@iota..
http://get-set-go-jee-math.blogspot.com/2009/07/chinese-remainder-theorem.html
this thread is mainly intended to give some insight into congruences and how to solve various jee related problems using that concept..
definition of congruent:
A number `a` is said to be congruent to `b` modulo `m` if `m` divides (a-b)
its written as a ≡ b mod m
so we can say that when we write a≡b mod m ,, `b` is the remainder that is obtained when` a` is divided by `m`.
now let us take a few examples:
9≡1mod2
13≡1mod4
but now u get this doubt, when 13 is divided by 4 , remainder is why only 1 ? why cant we say the remainder is -3 ????
infact this doubt is correct. we can even write
13≡-3mod4
so we can write in various ways as we wish to..
SOME PROPERTIES OF CONGRUENCES:
1) we have say
a≡ bmod p
c≡ k mod p
then we can write,
(a+c)≡ (b+k) mod p
but here u need to observe that the number with which we are dividing a and c is the same number `p`. so that has to be kept in mind..

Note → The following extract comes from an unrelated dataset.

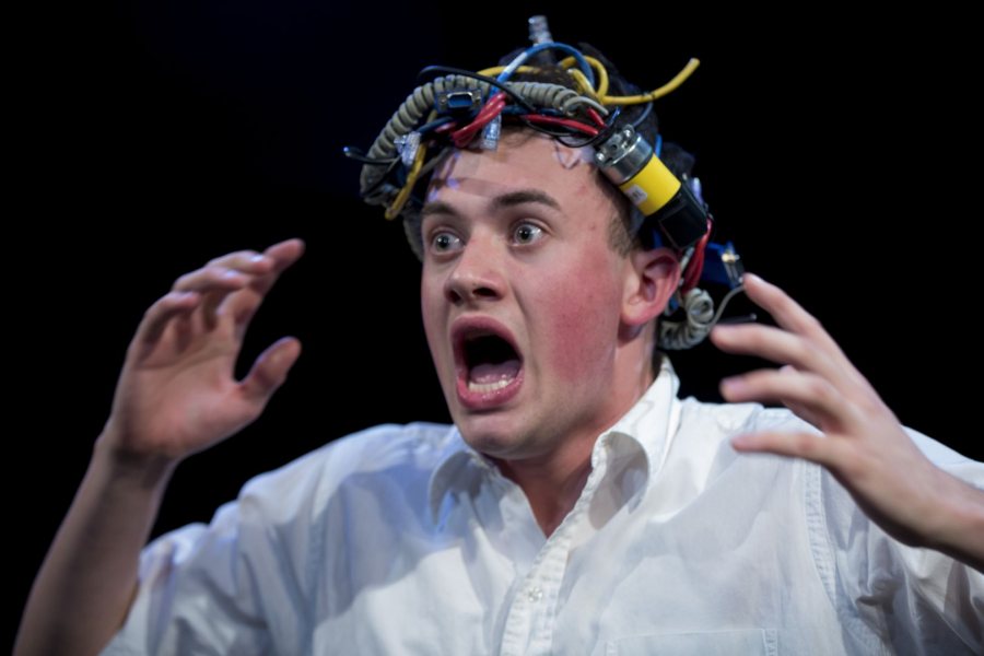 The Everyman ends up being committed, believing he is watched over by the Grand Inquisitor of Spain. Last summer, Stephenson received a Phillips Student Fellowship to study theater in Moscow. (Phyllis Graber Jensen/Bates College)

similarly we can aslo write
(a-c)≡ (b-k) mod p
and ac≡ bk mod p
here also we see that the number with which we are dividing a and c by the same number `p`. so alwyas rememebr that .
now its obvious that division cannot be defined here ( as cogruence itself is a way of decribing the process of division)
so the foloowing properties are trivial to observe:
1) a≡ bmod 0 implies a=b
2) a≡ a mod m
3) a≡ b mod m implies b≡ a mod m
4) a≡ b mod m and b≡ c mod m implies a≡ c mod m
5) a≡ b mod m implies ka≡ kb mod m
6)a≡ b mod m implies an≡ bn mod m
i think these are enough keeping jee syllabus in mind. now i want to know if u guys have any doubts whatsoever i have posted till now here?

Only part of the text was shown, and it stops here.